Andei por mais 30 minutos, o cheiro de bebida e vômito continuava a pairar no ar. Vi mais lojas com símbolos de maconha, casinhas com afrescos brancos, aquela arquitetura bem típica e certinha da  Europa. Cansei, nao tinha nada naquela cidade que eu quisesse ver. Corri para a estação, peguei o trem para o aeroporto.

Não havia passado nem três horas em Amesterdã e, definitivamente, tinha eleito aquela como a cidade mais chata do mundo. Mas quem sabe numa outra oportunidade, onde não chegue em plena manhã de feriado e com o coração da boca de tanta ansiedade, minha impressão de lá mude.

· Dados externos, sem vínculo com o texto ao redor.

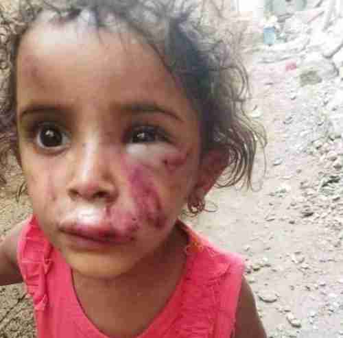 وأظهرت صوراً تداولها نشطاء على مواقع التواصل الاجتماعي الطفلة التي تنحدر من منطقة وادي المدام وسط مدينة تعز وعليها آثار تورم وكدمات على وجهها.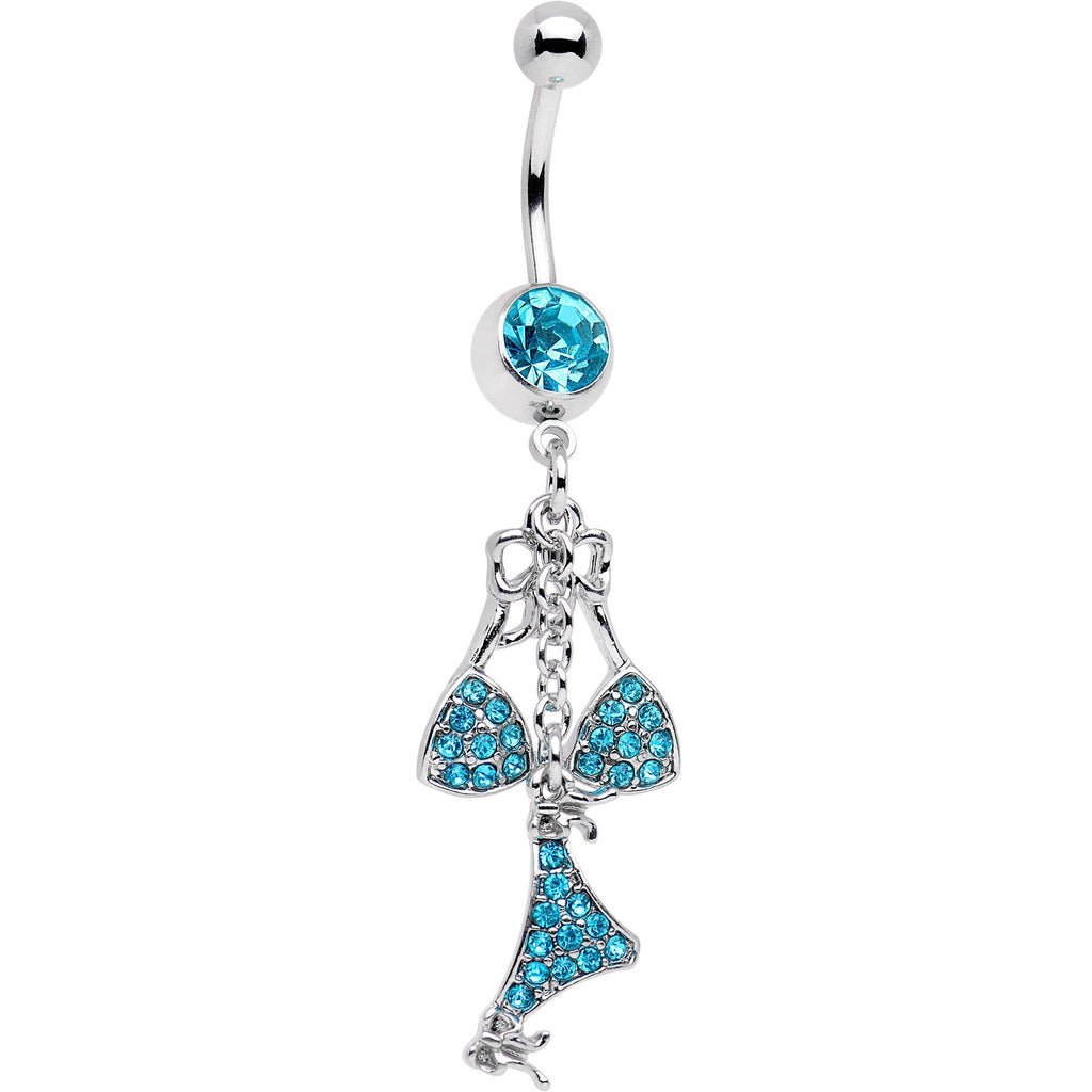 This unique 14 gauge belly piercing features an unraveled bow dangle design decorated with a whole slew of aqua gems. The bow-dangle design is mounted on a 3/8" curved barbell made with durable 316L surgical grade stainless steel. The curved barbell is decorated with a bottom aqua gem for that extra bit of beauty.

Fiquei feliz de voltar ao aeroporto. Gastei mais 40 minutos tentando completar uma ligaço, sem resultado. Resolvi entrar na area de embarque. Se era para esperar mais 6 ou 7 horas, que fosse já em frente ao portão por onde eu pegaria o segundo avião. Entrei ali com um fio de esperança e perguntei de novo ao guarda se não havia nenhum computador com acesso à internet naquele aeroporto. Ele me disse “sim, claro, vá ao ‘comunnication center’”.

Caramba, era o décimo guarda que perguntava a mesma coisa, e só agora um me deu a luz. Corri para lá e achei os benditos computadores. Não me importei nem um pouco em pagar 9 euros por uma hora de conexão. Sentei ali, fiquei online. Foram as duas horas mais felizes da minha viagem. Não estava mais sozinha. Paguei mais 9 euros, so para poder curtir aquilo um pouco mais. Meu amor estava online, acertando os últimos detalhes para me buscar no Cairo, quando eu chegasse.